CleverSupport is a company at the forefront of AI innovation, specializing in the development of AI-driven solutions to enhance customer support services. Their latest endeavor is to engineer a text classification system that can automatically categorize customer complaints. 

Your role as a data scientist involves the creation of a sophisticated machine learning model that can accurately assign complaints to specific categories, such as mortgage, credit card, money transfers, debt collection, etc.

# Project Instructions
Classify service desk tickets into categories using a CNN to streamline customer services.

- Define a CNN classifier with the following layers: an embedding layer, a 1D convolution layer, and a linear layer.
- Train your classifier on `train_data` using a suitable optimizer.

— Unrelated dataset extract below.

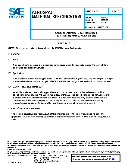 This specification covers a resin-impregnated glass fabric honeycomb core in the form of flat or contoured sandwich structures.
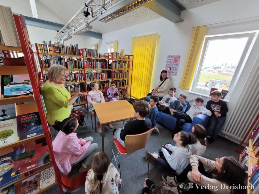 Im Anschluss wurde die Gruppe von der neuen Leiterin der Gemeindebücherei, Eva-Maria Momma, und Mitgliedern des Bücherei-Teams herzlich begrüßt. Eva-Maria Momma, die bis vor kurzem noch an der Lindenschule Kriftel unterrichtet hat, kannte einiger der Kinder noch aus der Schule und war begeistert über das große Interesse und das Wissen der Teilnehmer des Kinderbeirats in Bezug auf die gut ausgestattete und sehr beliebte Bücherei.

Run your training for only 3 epochs.
- Test your classifier on `test_data`, storing your predictions in a list called `predictions`.
- Calculate the accuracy, per-class precision, and recall for your trained classifier on the `test_data`. Save the metrics as variables with the corresponding names: `accuracy`, `precision`, and `recall`, with precision and recall saved as lists.

# How to approach the project
1. Defining the classifier
2. Training the classifier
3. Testing the classifier

## Steps to complete

### 1. Defining the classifier
Define a class containing all the appropriate layers, and a method to perform the forward pass over a batch of input text.

#### Creating a class to contain the layers of the classifier
- Define a class called `TicketClassifier` that inherits from PyTorch's `nn.Module` class.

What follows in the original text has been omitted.